* [Task]: Nothing but the lines below from the one that contains "Restos in formes" through the one that contains "Häkl 14 fM entlang der einen Seite der Ferse" should be retyped, exactly and including both ends. Do not include pictures.

* [Data to process]:
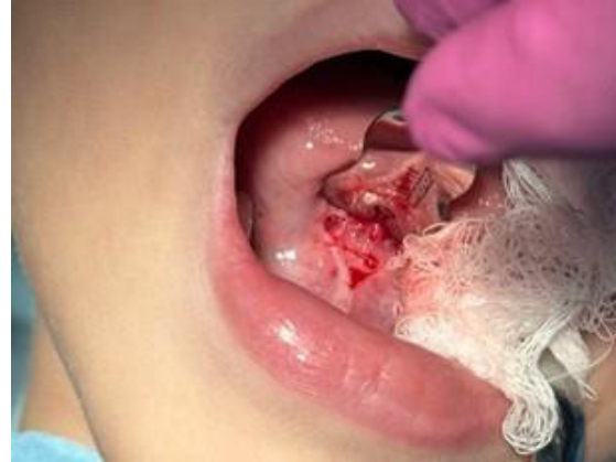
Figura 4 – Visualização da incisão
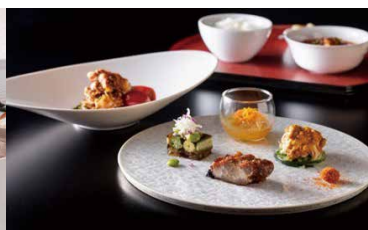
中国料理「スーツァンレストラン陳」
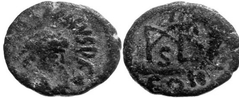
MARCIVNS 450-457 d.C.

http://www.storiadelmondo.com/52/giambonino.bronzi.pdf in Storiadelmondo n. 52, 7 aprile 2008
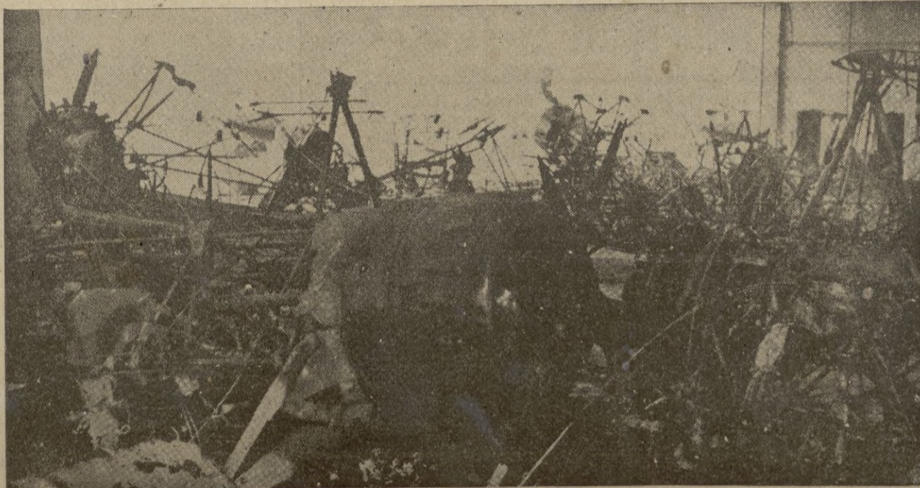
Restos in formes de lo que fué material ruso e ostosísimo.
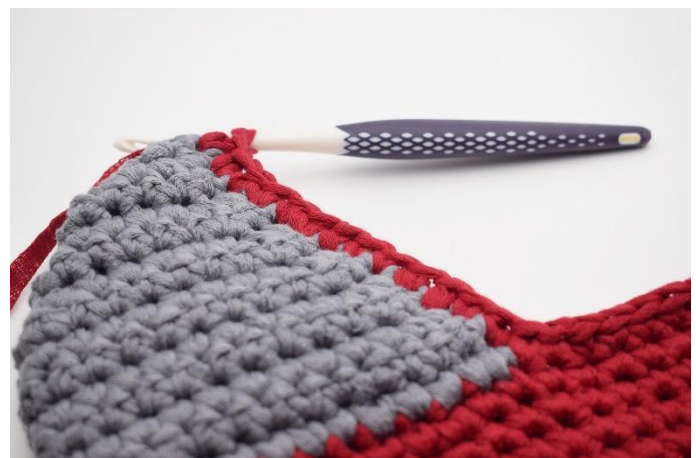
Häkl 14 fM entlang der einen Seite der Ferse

* * *

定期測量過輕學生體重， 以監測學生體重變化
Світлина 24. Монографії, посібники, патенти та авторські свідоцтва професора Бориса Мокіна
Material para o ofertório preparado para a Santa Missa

* [Result of the exercise]:
Restos in formes de lo que fué material ruso e ostosísimo.
Häkl 14 fM entlang der einen Seite der Ferse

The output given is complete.